If you’re relatively new to using spreadsheets and databases, it can be difficult to determine whether Microsoft Excel or Access is the best software for a specific project. Asking yourself a few simple questions can help you choose between Excel and Access when you have data to create, store, or analyze. Let’s take a closer look at some of the points you should consider.
Question 1: What’s my data like? Excel and Access store data in very different ways. Excel stores information in a flat file, whereas Access stores data in a set of tables that can be related to one another. If you are working with a small set of data that is related, Excel may be the best choice for you. For example, the data below is all related to a set of products and the values in the cells are unique. This looks like a good candidate for a spreadsheet:
Access can make your project easier if you’re storing data that can be broken into one or more sets, or tables. For example, the spreadsheet below shows the same product information as above, but with wholesaler information. The wholesaler name and address are repeated many times, which could make the information difficult to maintain. For example, if a wholesaler changes its address, someone will have to update many spreadsheet rows. This data would work well broken into a Wholesaler table and a Products table in Access, with another table joining records from the two:
Question 2: What problem am I trying to solve? It’s important to have the end goal in mind when you choose between Excel and Access for a project. Excel is often easier for simple projects requiring calculations or analysis. If your data is all related and unique, like the first screenshot above, Excel will probably be sufficient in helping you solve your issue. Access can be a better choice when you need a place to enter, store, and query large amounts of data. You can create forms where users can enter and view records more easily than in a spreadsheet format, and you can even add validation and rules to the forms to prevent data entry errors. Access is also a powerful program when you need to answer various business questions on the fly. Excel offers filtering and sorting functions, but Access will allow you to manipulate your data in almost any way you can imagine using queries.

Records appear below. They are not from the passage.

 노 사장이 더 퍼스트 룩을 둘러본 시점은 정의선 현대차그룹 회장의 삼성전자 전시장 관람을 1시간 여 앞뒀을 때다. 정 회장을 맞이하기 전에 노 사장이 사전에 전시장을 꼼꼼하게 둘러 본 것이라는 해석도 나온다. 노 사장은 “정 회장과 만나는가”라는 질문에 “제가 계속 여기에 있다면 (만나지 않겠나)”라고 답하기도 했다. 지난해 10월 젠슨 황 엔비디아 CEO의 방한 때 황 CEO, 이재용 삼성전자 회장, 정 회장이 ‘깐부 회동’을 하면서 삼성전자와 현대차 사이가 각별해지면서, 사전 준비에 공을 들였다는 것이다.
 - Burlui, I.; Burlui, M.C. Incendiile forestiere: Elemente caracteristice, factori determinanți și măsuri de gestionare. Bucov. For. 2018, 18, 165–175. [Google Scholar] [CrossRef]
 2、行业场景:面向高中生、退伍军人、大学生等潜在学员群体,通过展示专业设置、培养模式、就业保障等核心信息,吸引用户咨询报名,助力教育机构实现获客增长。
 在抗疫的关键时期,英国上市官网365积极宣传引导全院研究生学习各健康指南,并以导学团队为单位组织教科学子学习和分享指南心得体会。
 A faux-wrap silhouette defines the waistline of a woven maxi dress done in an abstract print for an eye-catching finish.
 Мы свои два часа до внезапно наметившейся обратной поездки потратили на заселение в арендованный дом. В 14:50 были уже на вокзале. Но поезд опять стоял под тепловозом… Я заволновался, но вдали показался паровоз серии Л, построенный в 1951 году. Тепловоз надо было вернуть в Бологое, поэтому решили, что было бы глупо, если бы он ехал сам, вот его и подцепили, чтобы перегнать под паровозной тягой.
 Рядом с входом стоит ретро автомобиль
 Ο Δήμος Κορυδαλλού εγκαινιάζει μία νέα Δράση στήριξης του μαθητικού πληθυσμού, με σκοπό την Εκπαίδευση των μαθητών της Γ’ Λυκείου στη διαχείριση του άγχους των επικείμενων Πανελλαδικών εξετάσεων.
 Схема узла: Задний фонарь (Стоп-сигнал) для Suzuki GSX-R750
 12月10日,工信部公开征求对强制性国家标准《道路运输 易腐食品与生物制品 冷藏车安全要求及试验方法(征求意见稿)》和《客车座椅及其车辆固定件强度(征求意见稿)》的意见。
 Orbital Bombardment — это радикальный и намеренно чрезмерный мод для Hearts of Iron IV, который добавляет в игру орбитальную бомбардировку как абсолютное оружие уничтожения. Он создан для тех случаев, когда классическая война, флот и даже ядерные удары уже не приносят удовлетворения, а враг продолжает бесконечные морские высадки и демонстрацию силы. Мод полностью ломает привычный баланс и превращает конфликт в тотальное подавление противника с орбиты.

Question 3: Will I be adding data later? Another consideration you should make when choosing the software for a project is the project timeline. Users are generally more familiar with creating spreadsheets, so Excel will usually be the best choice for small, one-time projects. Access is often better suited for longer-term projects, especially if multiple users will be entering and retrieving information. A well-designed database will save duplicate data entry, as illustrated in the second screenshot above, and offers more options for user-friendly forms and reports.
If you’ve carefully considered your project in light of these questions, you should have a good idea of the best software for your needs. Excel and Access are both powerful programs, and choosing the best one for your task will save you time and effort.